# Collected material:
——————————
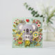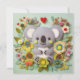 This Koala Greeting Card is perfect for any occasion! The card features a cute grey koala surrounded by a colorful array of flowers and leaves, making it a delightful gift for your loved ones. The playful design and vibrant colors are sure to bring a smile to anyone's face! The card is crafted with intricate details, and the koala has big round ears, green cheeks, and is holding a flower. Surrounding the koala is an assortment of colorful flowers and leaves made from various materials giving them a textured appearance. There are also small hearts interspersed among the flowers and leaves. The entire arrangement of the koala, flowers, and leaves is set against a soft green background that complements the colors of the elements.
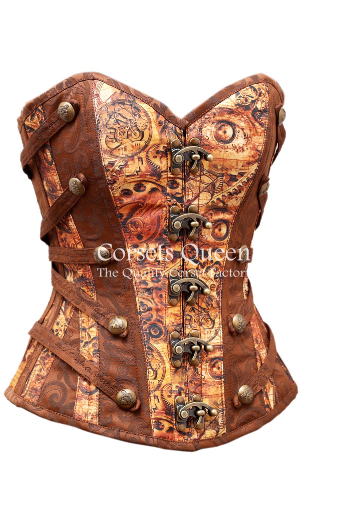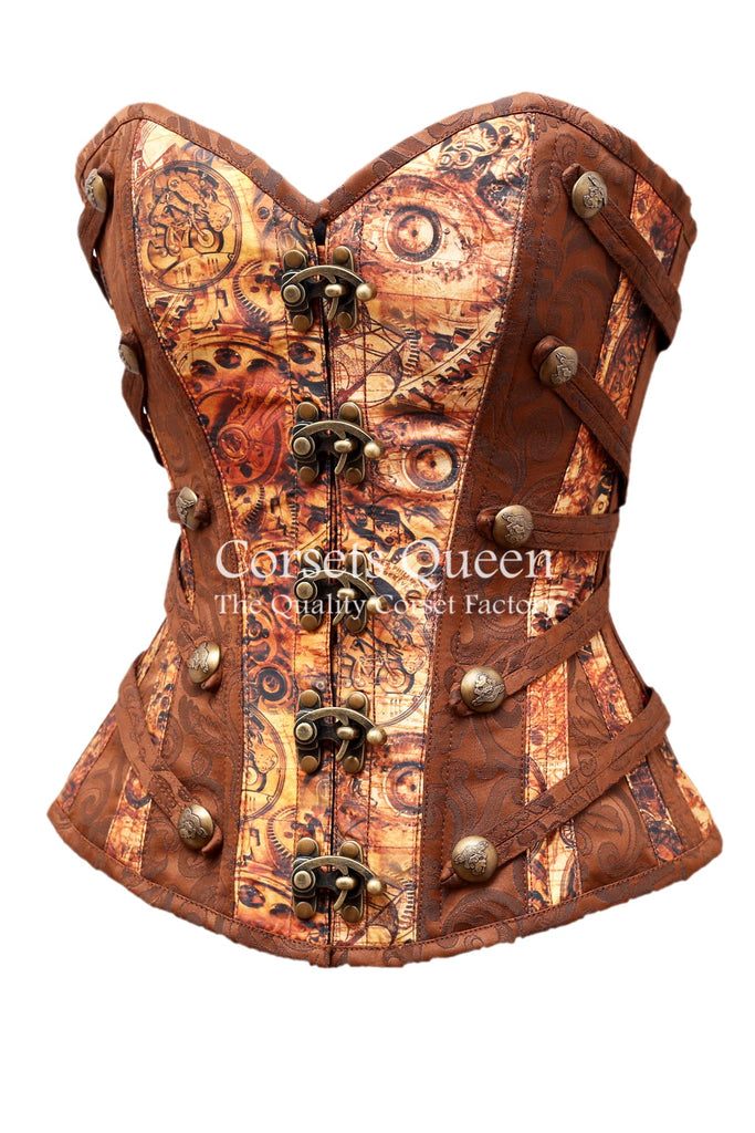 Squibb Digital Print With Brown Brocade Overbust Corset
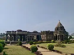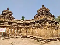 In Karnataka their most famous temples are the Kashivishvanatha[16] temple and the Jain Narayana temple at Pattadakal, both of which are UNESCO World Heritage sites.[17] Other well known temples are the Parameshwara temple at Konnur, Brahmadeva temple at Savadi, the Settavva, Kontigudi II, Jadaragudi and Ambigeragudi temples at Aihole, Mallikarjuna temple at Ron, Andhakeshwara temple at Huli, Someshwara temple at Sogal, Jain temples at Lokapura, Navalinga Temple at Kuknur, Kumaraswamy temple at Sandur, at Shirival in Gulbarga and the Trikunteshwara temple at Gadag which was later expanded by Kalyani Chalukyas. Archeological study of these temples show some have the stellar (multigonal) plan later to be used profusely by the Hoysalas of Belur and Halebidu.[18] One of the richest traditions in Indian architecture took shape in the Deccan during this time and one writer calls it Karnata dravida style as opposed to traditional Dravida style.[19]
——————————
# Work request:
Your answer must be an exact copy of the listing, minus its pictures.

# Answer to this task:
 This Koala Greeting Card is perfect for any occasion! The card features a cute grey koala surrounded by a colorful array of flowers and leaves, making it a delightful gift for your loved ones. The playful design and vibrant colors are sure to bring a smile to anyone's face! The card is crafted with intricate details, and the koala has big round ears, green cheeks, and is holding a flower. Surrounding the koala is an assortment of colorful flowers and leaves made from various materials giving them a textured appearance. There are also small hearts interspersed among the flowers and leaves. The entire arrangement of the koala, flowers, and leaves is set against a soft green background that complements the colors of the elements.
 Squibb Digital Print With Brown Brocade Overbust Corset
 In Karnataka their most famous temples are the Kashivishvanatha[16] temple and the Jain Narayana temple at Pattadakal, both of which are UNESCO World Heritage sites.[17] Other well known temples are the Parameshwara temple at Konnur, Brahmadeva temple at Savadi, the Settavva, Kontigudi II, Jadaragudi and Ambigeragudi temples at Aihole, Mallikarjuna temple at Ron, Andhakeshwara temple at Huli, Someshwara temple at Sogal, Jain temples at Lokapura, Navalinga Temple at Kuknur, Kumaraswamy temple at Sandur, at Shirival in Gulbarga and the Trikunteshwara temple at Gadag which was later expanded by Kalyani Chalukyas. Archeological study of these temples show some have the stellar (multigonal) plan later to be used profusely by the Hoysalas of Belur and Halebidu.[18] One of the richest traditions in Indian architecture took shape in the Deccan during this time and one writer calls it Karnata dravida style as opposed to traditional Dravida style.[19]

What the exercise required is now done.